Выбрать главу
На станции метро, среди колонн, Два проходимца пьют одеколон, И рыбий хвост валяется в углу На мраморно сверкающем полу.

Иногда в стихах проглядывает автор, с которым по-настоящему читатель познакомится уже в рассказах Довлатова:

Я вспомнил о прошедшем, Детали в памяти храня: Не только я влюблялся в женщин, Влюблялись все же и в меня. Получше были и похуже, Терялись в сутолоке дней, Но чем-то все они похожи, Неравнодушные ко мне. Однажды я валялся в поле, Травинку кислую жуя, И наконец, представьте, понял, Что сходство между ними — я.

Чаще всего Сергей, конечно, описывал лагерь:

Тайгу я представлял себе иной — Простой, суровой, мужественной, ясной. Здесь оказалось муторно и грязно И тесно, как на Лиговке в пивной. «Стоит тайга, безмолвие храня, Неведомая, дикая, седая». Вареную собаку доедают «Законники», рассевшись у огня. Читавший раньше Гегеля и Канта, Я зверем становлюсь день ото дня. Не зря интеллигентного меня Четырежды проигрывали в карты.

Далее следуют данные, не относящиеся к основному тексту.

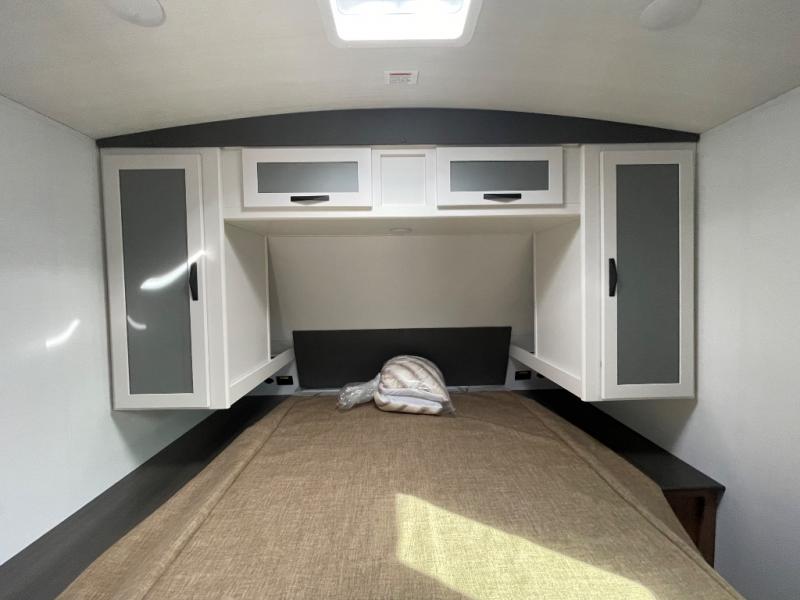 If you're looking to upgrade from a tent to a travel trailer, the time is now with this model! You will love having your own master bedroom up front with a queen bed, dual bedroom wardrobes and your own exterior entry door. The second entry door leads right into the combined kitchen and living area for added convenience. Your crew can dine or play a game around the do-more dinette table or relax on the tri-fold sofa across from the entertainment center. These pieces of furniture will also double as your guests' sleeping space at night, and you have the option to choose luxury cinema recliners in place of the sofa if you don't need that much sleeping room. There is also a full walk-through bath to clean up in each day plus a fully-equipped kitchen to make meals!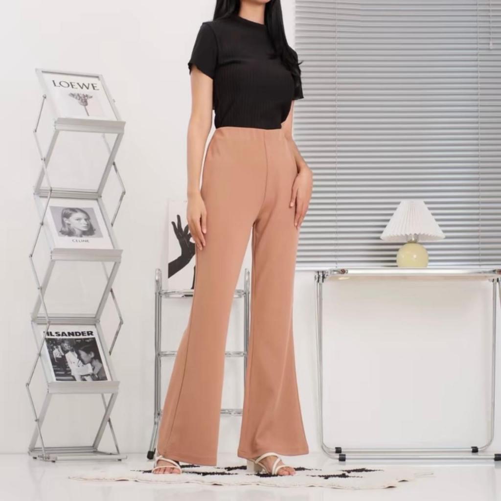 Flare Pants Wanita Highwaist Cutbray Rib Knit Premium Melar Stretch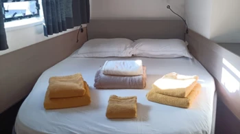 - Dans le cas d'une location avec skipper, vous devez lui attribuer une cabine pour son couchage et lui donner accès à une salle de bain.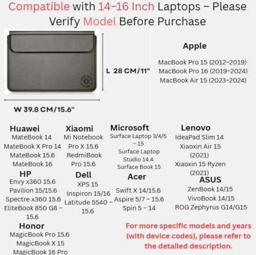 - Superior Protection: Crafted with high-quality, waterproof PU leather and lined with soft, protective foam, the sleeve shields your laptop from dust, scratches, drops, and shocks. Its splashproof exterior remains easy to clean, ensuring the case retains its pristine appearance.
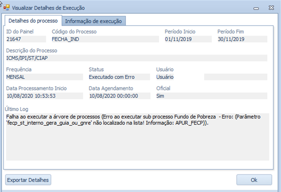 Erro no encerramento de indiretos, ocasionado pelo parâmetro 'fecp_st_interno_gera_guia_ou_gnre'.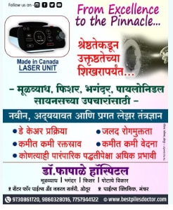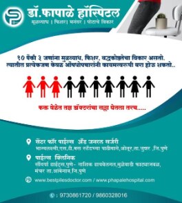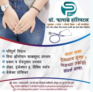 Phapale Hospital-Piles, Fissure, Fistula Treatment in Manchar / Otur / Junnar - 08042781872 - Piles Doctor in Junnar, Manchar, Otur | Fistula Treatment in Junnar, Manchar, Otur | Fissure Treatment in Junnar, Manchar, Otur. Dr. Phapale Hospital is located at OTUR, in Junnar Taluka in Pune district of Maharashtra, Established in the year 2007, Dr. Phapale Hospital treats patients who suffer from medical and surgical conditions like Piles, Fistula, Fissure and Pilonidal Sinus among the many others. The state of the art technology used in Dr. Phapale Hospital makes it one of the best treatment centers in Pune district. Dr. Shashank Phapale is a renowned Colorectal and LASER Surgeon having an experience of more than 10 years. Many treatment modalities are available for complete cure of PILES, FISSURE and FISTULA, such as Injection therapy, LASER treatment, Banding, Stapler surgery etc. Apart from this many general surgeries are being conducted in this hospital such as APPENDIX, HERNIA, HYDROCELE, CIRCUMCISION etc. There is a facility of laparoscopic surgery also.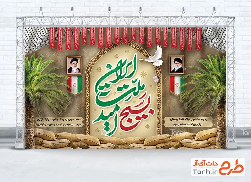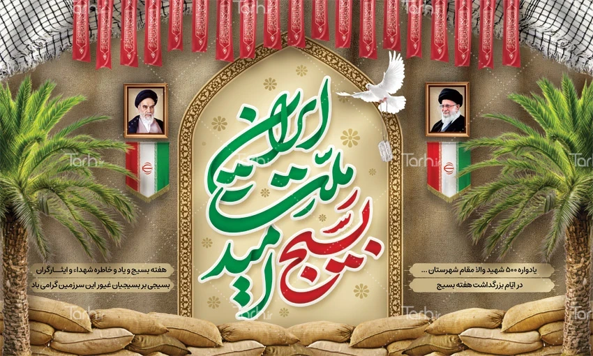 فایل لایه باز بنر هفته بسیج با تایپوگرافی بسیج امید ملت ایران کد فایل 6291453
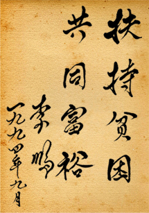 1994年9月 時任中共中央政治局常委、國務(wù)院總理李鵬為評選"全國十大扶貧狀元"活動題詞:扶持貧困 共同富裕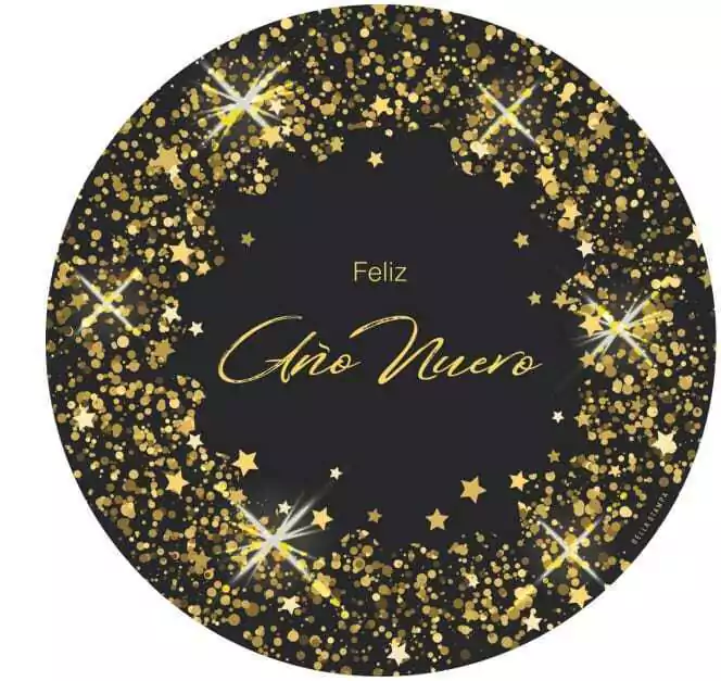 Plato de sitio de papel Año Nuevo fondo negro con estrellas doradas x24 unidades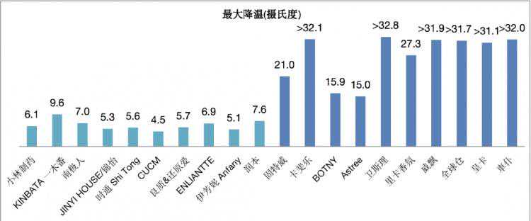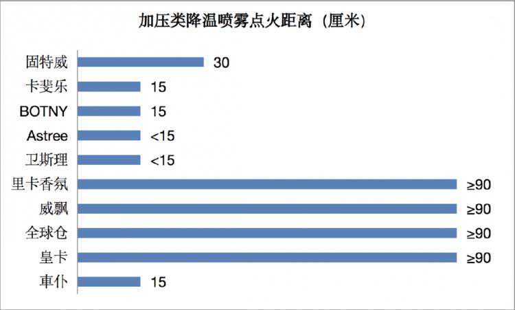 加压类降温喷雾的降温效果均在15℃以上,有6件样品的降温效果超过30℃,测试温度均降低至0℃以下。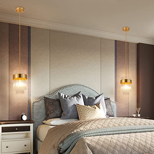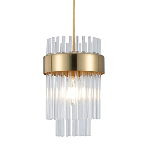 Contemporary Stylish Style: This brass finish pendant light combines modern and mid-century,gold metal and crystal glass rods combination to stylish cake shape,breaks the visual balance of the space and creates a high-level decorative interest.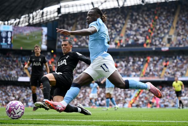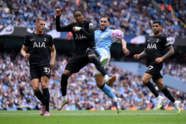 比赛开始后,曼城延续其一贯的控球打法,试图掌控比赛节奏;热刺也没打算被动防守,摆出了积极逼抢的姿态。第35分钟,场上僵局被打破。里沙利松在右路反越位后,横传门前,布伦南‧约翰逊包抄推射破门。随后VAR介入,判定进球有效,热刺取得1:0领先。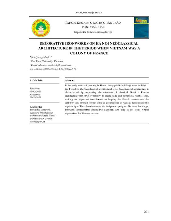 Khánh huyền LêdownloadDownload free PDFTrang Trí Kim Loại Trên Kiến Trúc Phong Cách Tân Cổ Điển Tại Hà Nội Thời Pháp Thuộc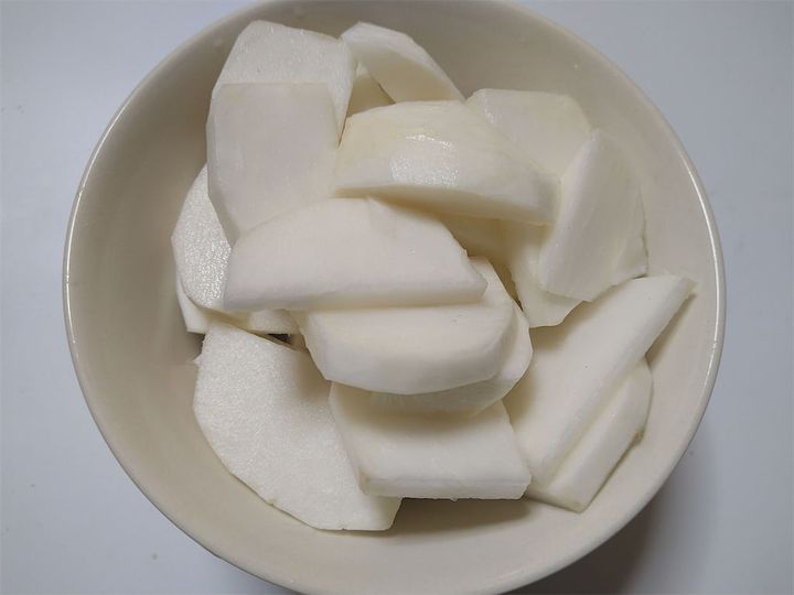 1.かぶの葉を落として皮をむき、やや厚めのいちょう切りにします。ブロッコリーは食べやすい大きさの小房に切り、ラップをかけて共に600Wの電子レンジで2分程度加熱します。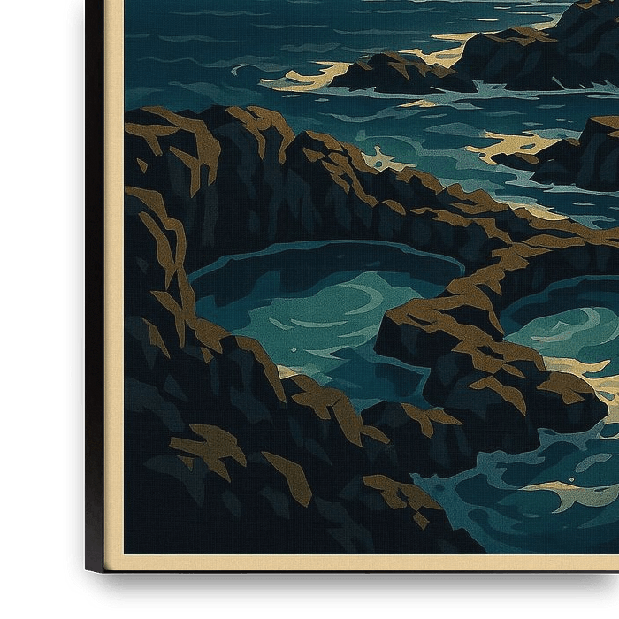 Bestelle dieses Landschafts-Wandbild El Hierro Art Deco Küstenlandschaft Poster von Travel Shop als Reproduktion auf Leinwand, Alu-Dibond, als Poster, Fototapete oder Acrylglasbild.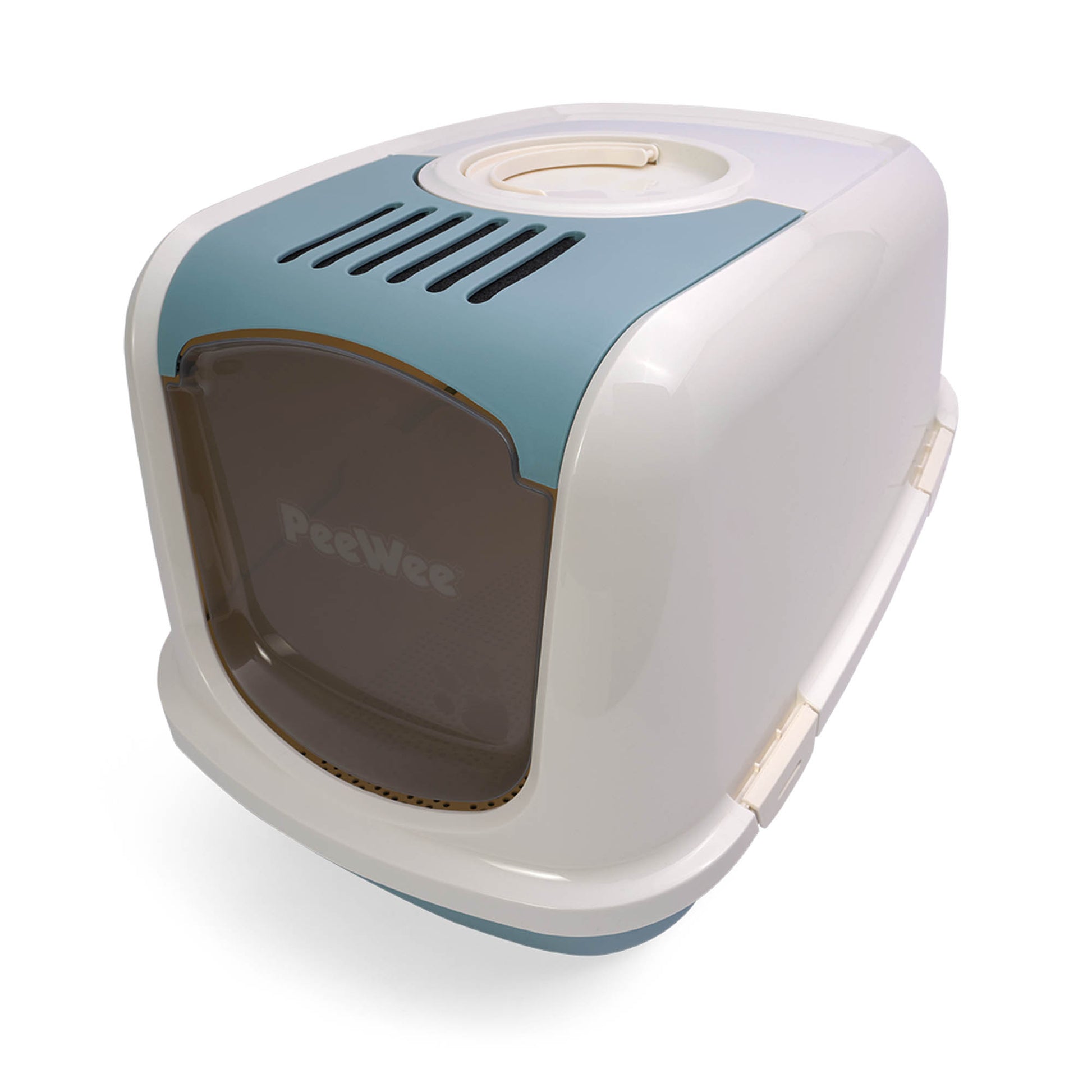 PeeWee EcoDome XXL Katzenklo Taubenblau – Starterpaket mit Haube & 3 kg Holzpellets

Больше всего мне понравилось стихотворение, в котором Сергей нащупывает центральную идею своей «Зоны». Называется оно «Памяти Н. Жабина»:

Жабин был из кулачья, Подхалим и жадина. Схоронили у ручья Николая Жабина. Мой рассказ на этом весь. Нечего рассказывать. Лучше б жил такой, как есть, Николай Аркадьевич.

4

«Зона» была для Сергея если и не самой любимой, то самой важной книгой. Ее он не собирал, а строил — обдуманно, упорно и педантично. Объединяя лагерные рассказы в то, что он назвал повестью, Довлатов сам себя комментировал. В первый раз он пытался объяснить, с чем пришел в литературу.

Он не мог сделать этого, не разобравшись с предшественниками — Шаламовым и Солженицыным. Одного Сергей любил, другого — уважал.

Кроме Парамонова, у нас никто в глаза не видел Солженицына. Его недоступность провоцировала ехидство. Рассказывали, что дети Солженицына, запершись в туалете, читали Лимонова. Снимок Александра Исаевича в коротких штанах на теннисном корте ходил по рукам. Хуже всех был неизбежный Бахчанян, составивший фотоальбом «Сто однофамильцев Солженицына». Короче, к нему относились как к члену Политбюро — что ни скажешь, все смешно. Обыгрывая это обстоятельство, Довлатов писал: «Земля круглая, потому что вертится, а куры носят яйца, как и все мы, включая Солженицына».

Все это не мешало Сергею отправлять Солженицыну свою каждую новую книжку. На этот случай он придумал исключающую унижение надпись: сочту, мол, за честь, если книга найдет себе место в вашей библиотеке. Пока Сергей был жив, Солженицын не отвечал. Потом, говорят, прочел и хвалил. Оказалось, что у них много общего.

Повторяя за Солженицыным, Сергей говорил, что именно тюрьма сделала его писателем. Как и для Солженицына, лагерь стал для Довлатова хождением в народ. Тюрьма открыла Сергею то, что двадцать лет спустя он назвал «правдой»: «Я был ошеломлен глубиной и разнообразием жизни… Впервые я понял, что такое свобода, жестокость, насилие… Я увидел свободу за решеткой. Жестокость бессмысленную, как поэзия… Я увидел человека, полностью низведенного до животного состояния. Я увидел, чему он способен радоваться. И мне кажется, я прозрел».

Тюрьма как аббревиатура жизни: снимая все культурные слои, она сдирает жизнь до мяса, до экзистенции, до чистого существования.

Момент истины настиг Довлатова, когда он был не зэком, а надзирателем. Позиция автора изменила не тему, но отношение к ней.

Убедившись, что по одну сторону решетки не слаще, чем по другую, Довлатов отказался признавать ее существование: «По обе стороны запретки расстилался единый и бездушный мир».

Зона или везде, или нигде — вот вывод, который Довлатов привез из лагерной охраны. И тут он расходится с Солженицыным: «По Солженицыну, лагерь — это ад. Я же думаю, что ад — это мы сами».

Тюрьма у Солженицына обретает провиденциальное значение: в ГУЛАГе произошло слияние верхов и низов, ГУЛАГ стал средством объединения интеллигенции и народа, ГУЛАГ — духовный опыт соборности, оплаченный безвинными страданиями, ГУЛАГ — орудие русской судьбы, сводящее воедино веками разобщенную страну.